My question is, why do I have to use lapply to complete such work?
For example, the following code worked.
new.DT <- old.DT[, result := lapply(X = results.of.lm, FUN = summary)] %>%
.[, beta := lapply(X = result, function(x) x$coefficients[2,1])]
While the following code failed.
new.DT <- old.DT[, result := lapply(X = results.of.lm, FUN = summary)] %>%
.[, beta := result$coefficients[2,1])]
However, for some functions I apply to columns in data.table (e.g. paste, substr or as.numeric), lapply was not necessary. I couldn't figure out what cause the difference. Thank you!
Upvotes: 0
Views: 559
Reputation: 24722
Presuming that old.DT
looks something like this:
grp results.of.lm
1: 1 <lm[12]>
2: 2 <lm[12]>
3: 3 <lm[12]>
then, after creating the result column using old.DT[, result:=lapply(results.of.lm,summary)]
, we note that result
is a list of lists
grp results.of.lm result
1: 1 <lm[12]> <summary.lm[11]>
2: 2 <lm[12]> <summary.lm[11]>
3: 3 <lm[12]> <summary.lm[11]>
Note that old.DT$result$coefficients is NULL, and thus beta:=result$coefficients[2,1]
will NOT return the desired result.

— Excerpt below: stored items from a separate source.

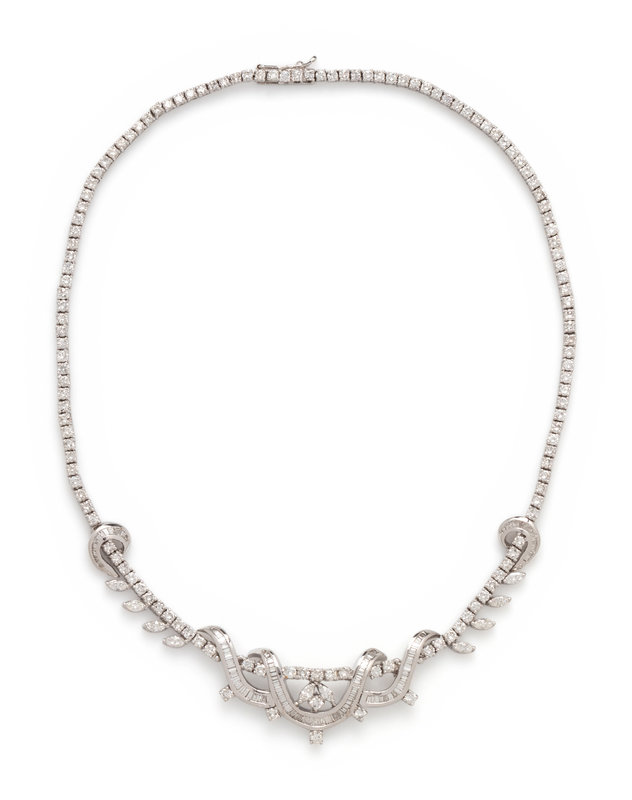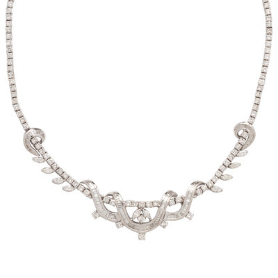 Containing numerous round brilliant, marquise and tapered baguette cut diamonds weighing approximately 15.00 carats total. Mounted in white gold. 17 inches long.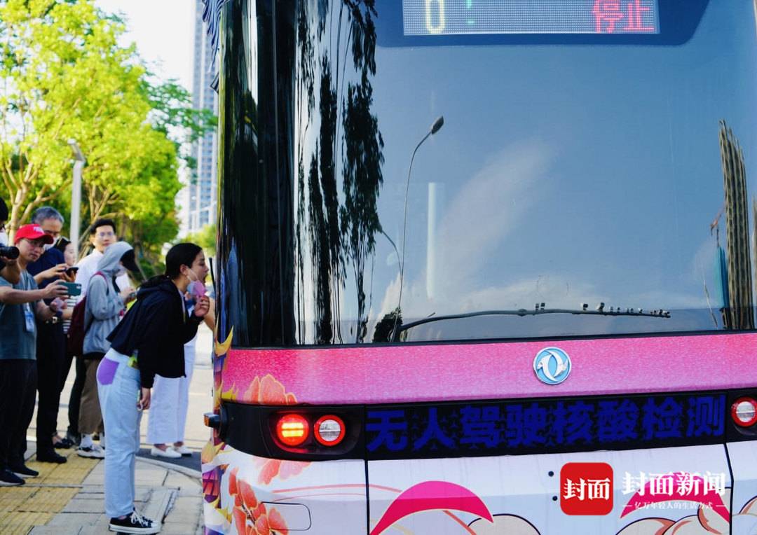也是在车谷,一台无人驾驶核酸检测车吸引了记者注意。而在企业工作人员眼中,国内首个24小时服务的车路协同无人驾驶接驳巴士,似乎更值得一提。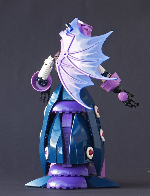 I'm happy with the stomach area shaping especially, and layering of fabrics turned out nice. Choice of emitting legs for long, ornamental dress was quite late, and fuelled by lack of parts in right colour for legs. It made the process nicely unique compared to usual figures, but left me wondering if I should have gone bit less baroque with the dress shaping, especially the part with clam shells. The just were, along with medium lavender barrel halves, marbled purple dragon wings and that printed magic portal 4x4 dish, on a mental list of parts I want to use somewhere. The round shapes all around are complemented with trans-pink jewels inside life saver rings, decorations I'm happy with.Colour scheme seems to fit January's pleasantly cold weather nicely. The name is, of course, reference to Monty Python's Tim the Enchanter. And yes, she's got a third eye too.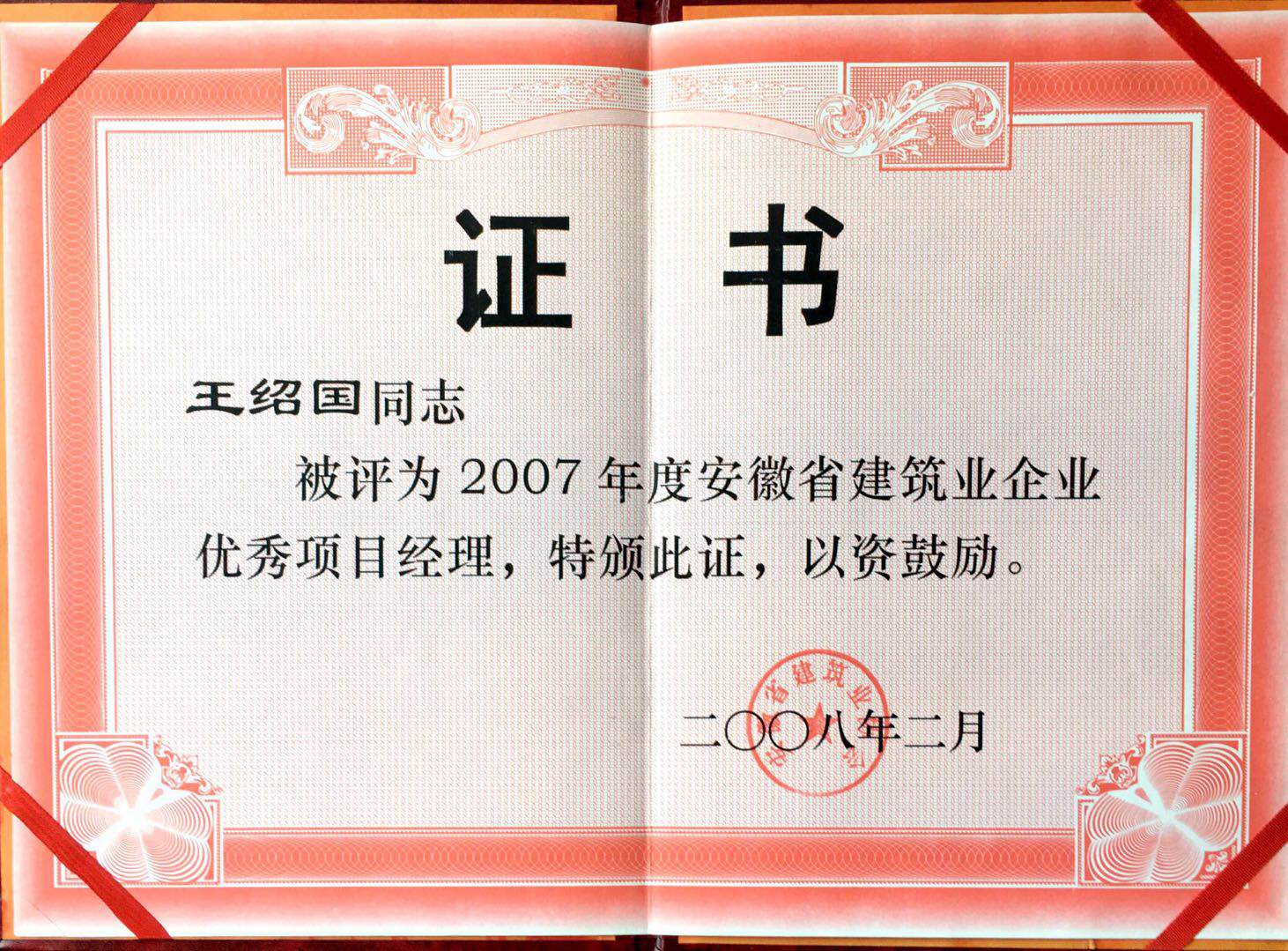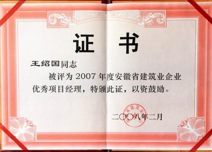 >2007年度安徽省建筑業優秀項目經理王紹國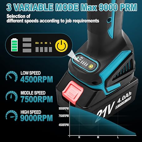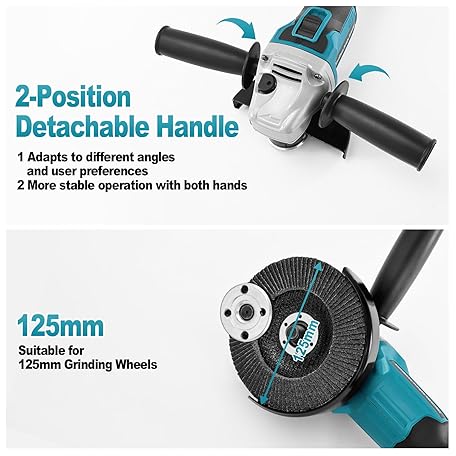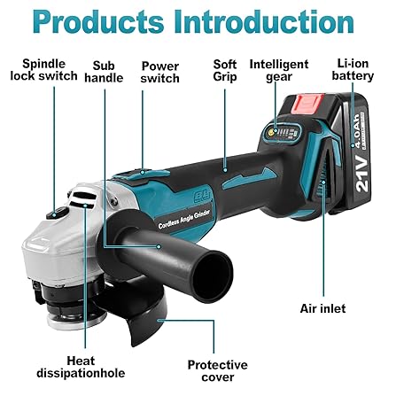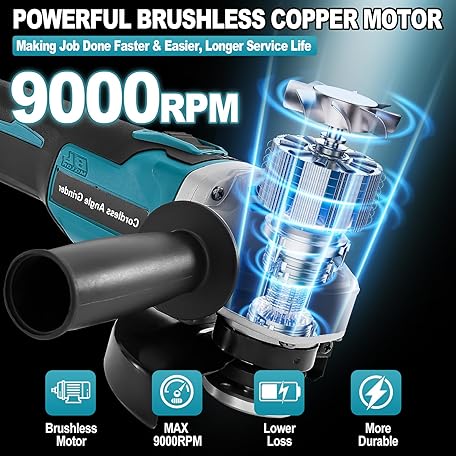 Cordless Angle Grinder for Makita 18V 21V Battery, 2x 4.0Ah Battery & Charger Power Grinder Tool 9000RPM 3 Variable Speeds Brushless Metal Grinder for Cutting Grinding Polishing
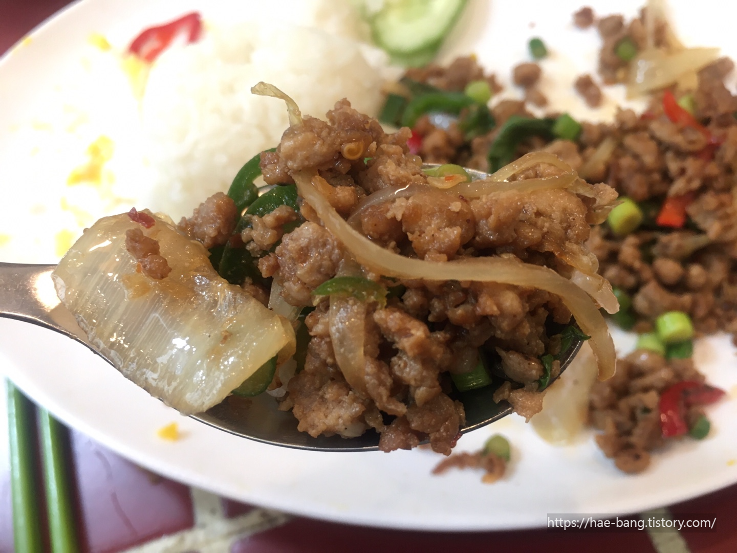 팟카파오무쌉 한입 먹고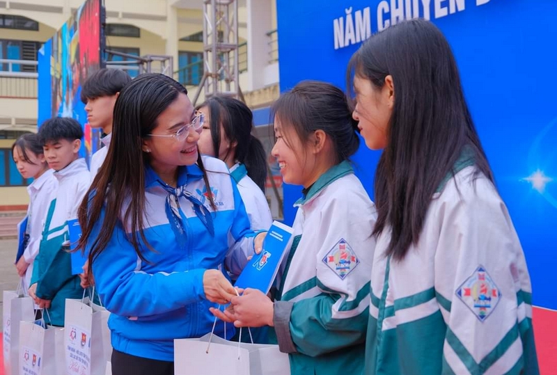 Bí thư Trung ương Đoàn Nguyễn Phạm Duy Trang tặng quà, học bổng cho học sinh có hoàn cảnh khó khăn ở huyện Định Hóa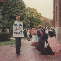 People in 19th-century period costume wait in line outside a large brick building while a young person on stilts holds a sign which says "Hurrah for the Little Giant." This photograph was taken as part of filming C-SPAN's Lincoln-Douglas Debates series in Galesburg, Illinois.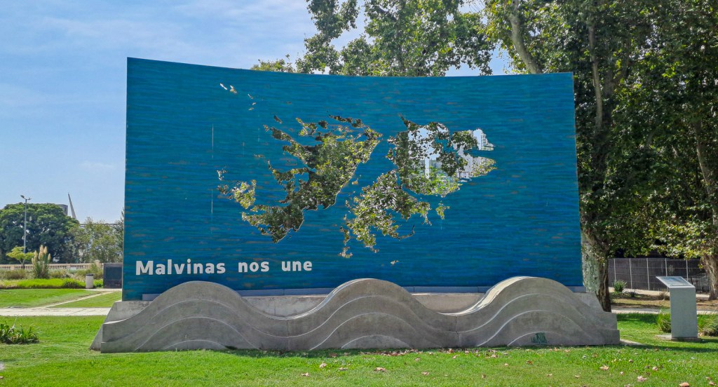 The Malvinas nos une (Malvinas unites us) sculpture – another reminder of the Falklands conflict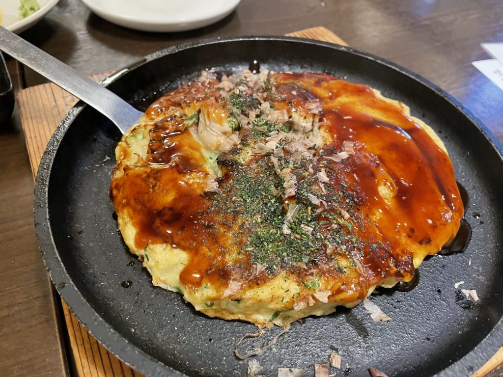 大きな牡蠣が4匹も入ったお好み焼き。生地は山芋ホイップな感じでこれも美味しかったー。ソースは広島のカープでした。すでに広島入ってきてる。
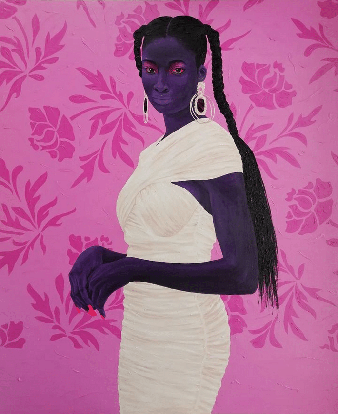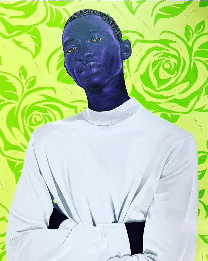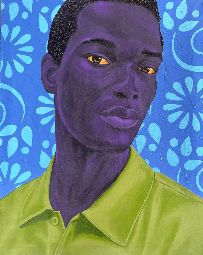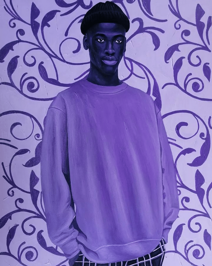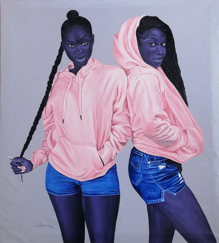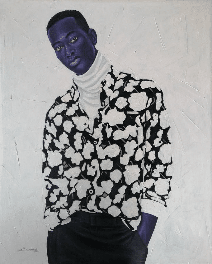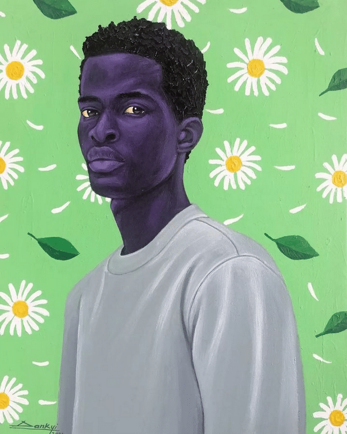 I fell in love with Dankyi’s work at first sight. The models in his work are so full of life and emotion that I want to talk to them and get to know them. The elegance and finesse with which he depicts black skin in shades of purple and blue amazes me and makes me appreciate my skin color even more.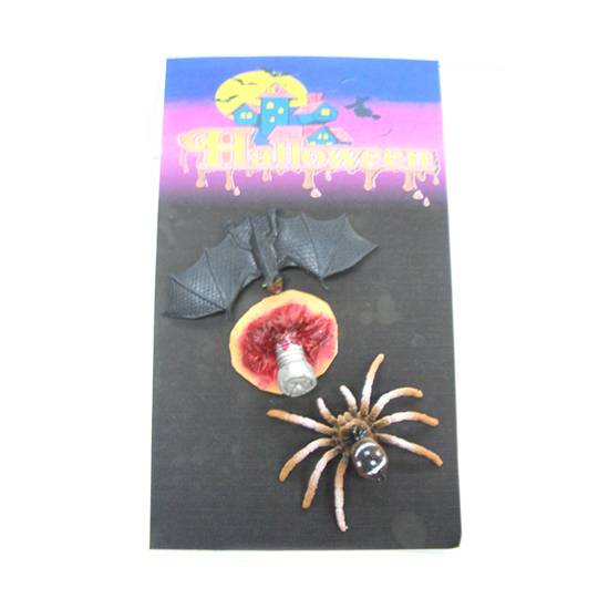 - This halloween set contains a plastic bat, a plastic spider and a plastic wound.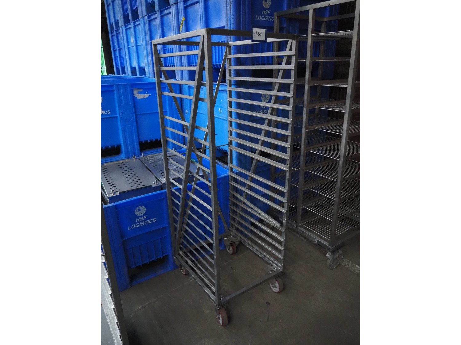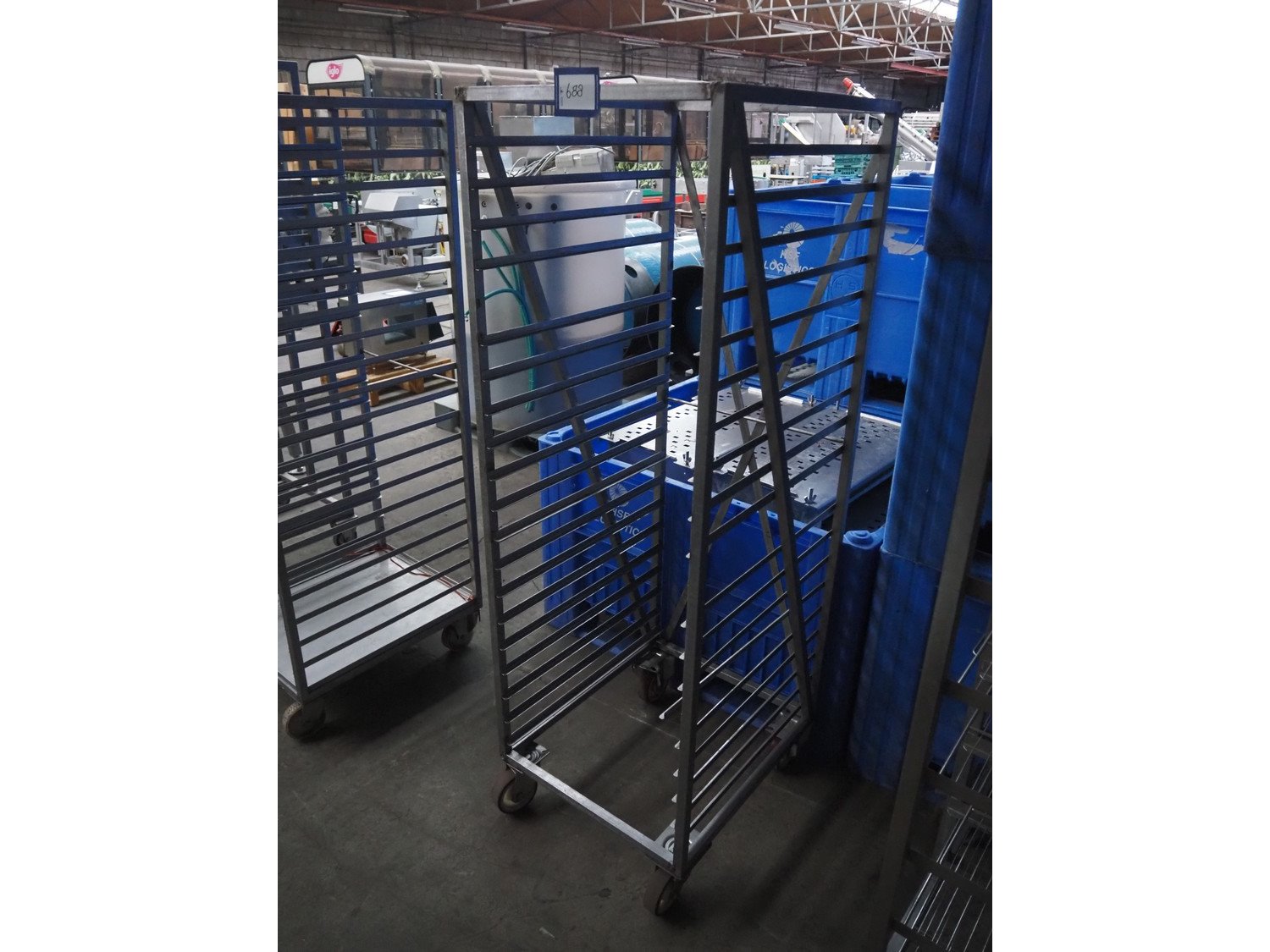 S/s trolley, 20 floors, floor dimensions: 680 mm x 530 mm, total dimensions: 680 mm x 590 mm x 1760 mm. Some floors are damaged.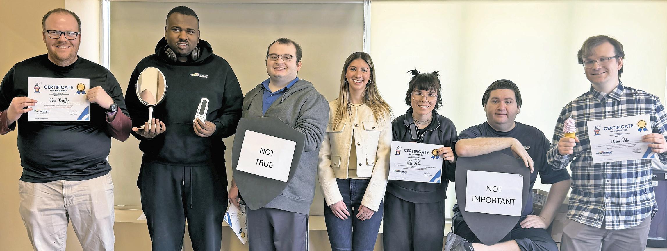 During the hourlong session, 12 Spectrum Designs employees and staff members, including Stein, took part in seven interactive exercises with a group of autistic people from East Rockaway, Port Washington, West Hempstead and Kings Park. The sessions included Lights Out Listening, a technique to manage sensory overload and improve focus, as well as activities to reflect others’ perspectives and build effective rebuttal skills. Participants who completed the session received certificates. One exercise, Stein recalled, helped participants understand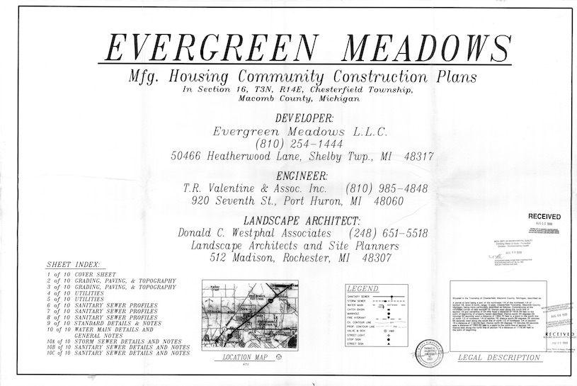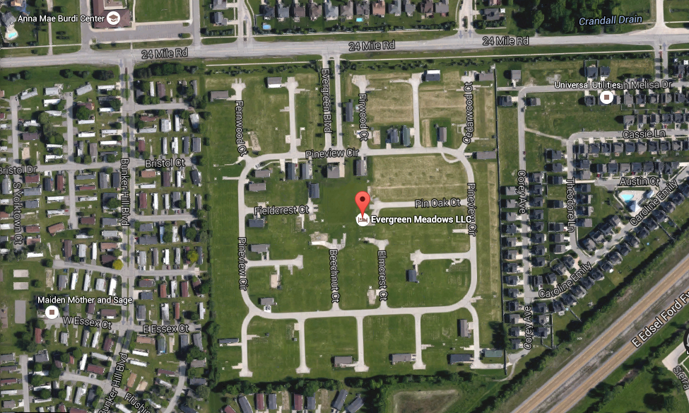 Attention all park owners and investors, EZ Homes is proudly marketing the beautiful mobile home community Evergreen Meadows located in Chesterfield Twp MI. This incredible 36 acre, 214 family site mobile home community is the crown jewel of the area. It was built in 2002 and sits in the heart of 24 mile road / I-94 and Gratiot corridor. It is nestled between some very nice housing subdivisions. It offers up to date / state of the art municipal water and sewer systems and all the electrical / gas lines are installed. As said earlier the park has 214 sites, 25 of which are filled and occupied. There are 11 sites that are designated for single wides and the rest are designed for double wides. Low lot rent at $350 per month offers an incredible value for the region where lot rents are typically in the mid to upper $450-490 price range.

Instead, your use of lapply does return the coefficients:
old.DT[, beta:=lapply(result, function(x) x$coefficients[2,1])][]
grp results.of.lm result beta
1: 1 <lm[12]> <summary.lm[11]> -0.2819342
2: 2 <lm[12]> <summary.lm[11]> 0.1645671
3: 3 <lm[12]> <summary.lm[11]> 0.2215897
Upvotes: 1